OliverO2 commented at 2020-09-04 08:50:¶
@bmastenbrook I have prepared the above pull request to ease testing. You could use the patch https://github.com/rear/rear/pull/2488.patch or the entire code at https://github.com/OliverO2/rear/tree/feature-opal-nvme-support. As time permits, of course. 😊
github-actions commented at 2020-11-04 01:34:¶
Stale issue message
jsmeix commented at 2020-11-05 13:51:¶
With
https://github.com/rear/rear/pull/2488
merged
this issue should be fixed.
gitthangbaby commented at 2020-11-15 20:56:¶
i got the git version, flashed Secure Boot PBA and a nice plymouth dialog is displayed after 11 seconds (not very fast, exactly like LUKS delay, but better than DTA PBA of 5 seconds + forced reboot 15 sec). After setting password, the message says "drive couldn't be unlocked" and next attempts fail to progress booting. In fact, the NVME is indeed unlocked with first attempt, as I can see when i fallback to OPAL PBA> command line (and by a negative check of falling back before password entry). I can unlock with sed-opal-unlocker also as only PBA changed. I have two NVME so the fastest approach is sed-opal-unlocker service with 1 sec delay but not suitable for single drive nor boot files being on the SED drive which i'd like.
unlockers summary:
BIOS: password prompt can be triggered with MBREnable=false but it
doesn't work
DTA PBA: works with 5 + 15sec delay, except Ryzen systems, unreadable
GUI with no pwd repeat, no Secure Boot?
DTA forks: some bring different hashing, some bring support for Ryzen,
added password save for suspend, none are compatible with DTA.
unreadable GUI with no pwd repeat, no Secure Boot?

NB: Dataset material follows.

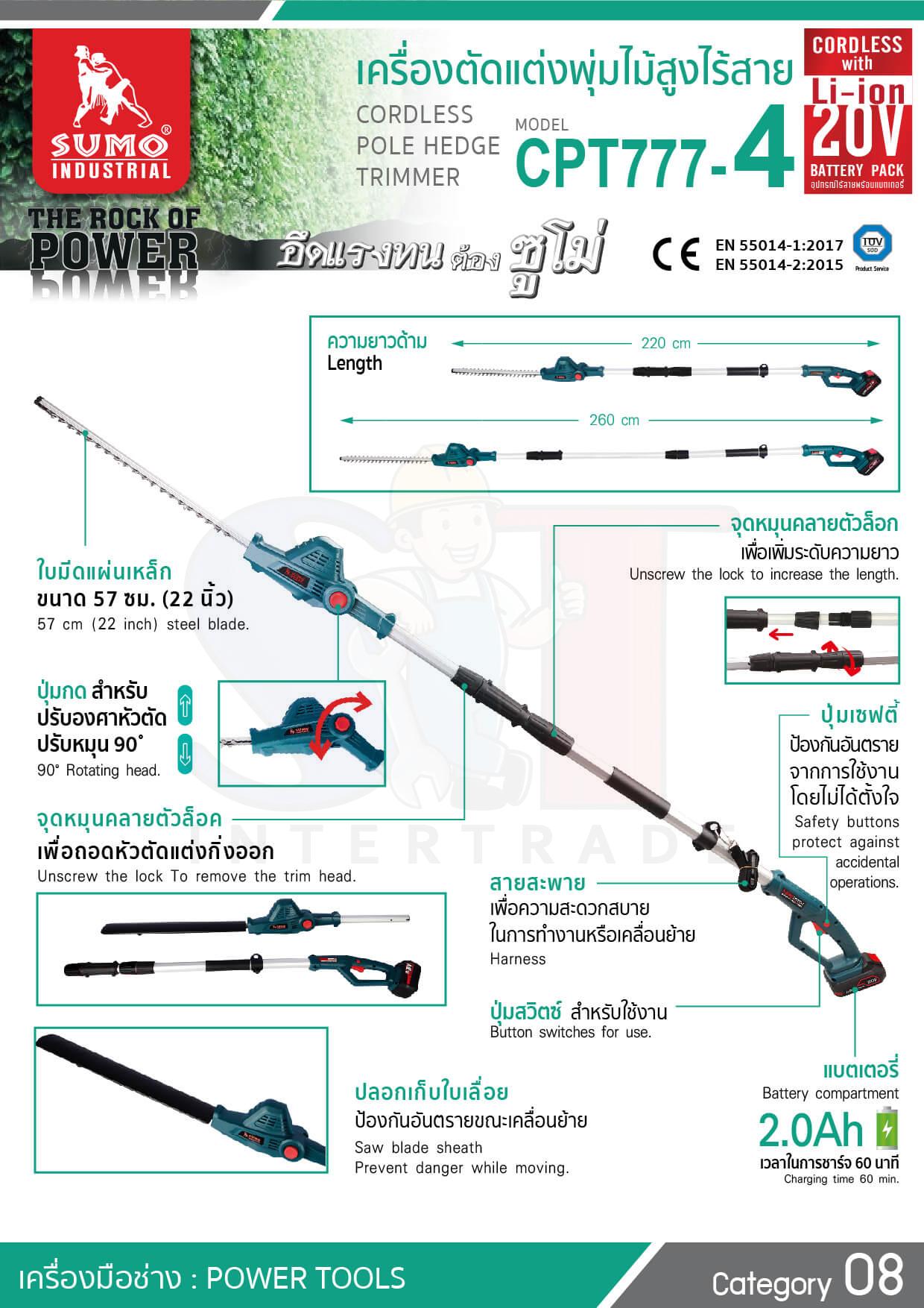 - เครื่องตัดแต่งพุ่มไม้สูง รุ่น CPT777-4 SUMO ใช้งานสะดวกทนทาน และที่สำคัญพกพาสะดวกเพราะสามารถถอดเก็บอุปกรณ์ได้ วัสดุคุณภาพดี คุ้มค่าคุ้มราคา

sed-opal-unlocker: almost no delay, password can be in hashed file,
added password save for suspend, runs as a service too late to move any
boot files to SED drive, compatible with DTA, Secure boot ok
rear: 11sec delay, nice GUI with pwd repeat, added password save for
suspend?, compatible with DTA, Secure boot ok
OliverO2 commented at 2020-11-16 17:47:¶
@gitthangbaby Thanks for your report.
If the PBA fails to unlock your device, could you please use the rescue system to provide a detailed log?
This is what you could do to help find the cause:
- Prepare a rescue system on a USB stick according to Step 3 in Quick Start: Setting up Self-Encrypting Disks.
- Shut down your system so that SEDs become locked.
- Boot the rescue system.
- Log in as
root
(locally, or from another system viassh
) - Run these commands:
lsblk -o +MODEL
rear opaladmin info
- Provide the output of the above commands.
- Run this command to attempt to unlock SEDs.
rear -D opaladmin unlock
- Provide the complete contents of the log file
/var/log/rear/rear-*.log
- NOTE: Capture the log contents right away as it will be overwritten by the next rear invocation.
- Run once more:
rear opaladmin info
- Provide the output of the above command.
gitthangbaby commented at 2020-11-24 18:14:¶
Hi. Sorry for no reply, I had a misfortune of flashing the Rear USB
image (thinking it's PBA) to unlocked NVME drive (thinking it's locked),
so i lost all distros. The Rear USB started with grub> only.
Since i have advantage of two drives, i decided to put effort to
initram-ize the boot process and it was extremely difficult but
successful.
OliverO2 commented at 2020-11-24 22:04:¶
@gitthangbaby No problem. It would still be valuable if you could try the above steps and provide output and log file. I'm pretty sure whatever is is, it can be fixed easily once we have the necessary information.
[Export of Github issue for rear/rear.]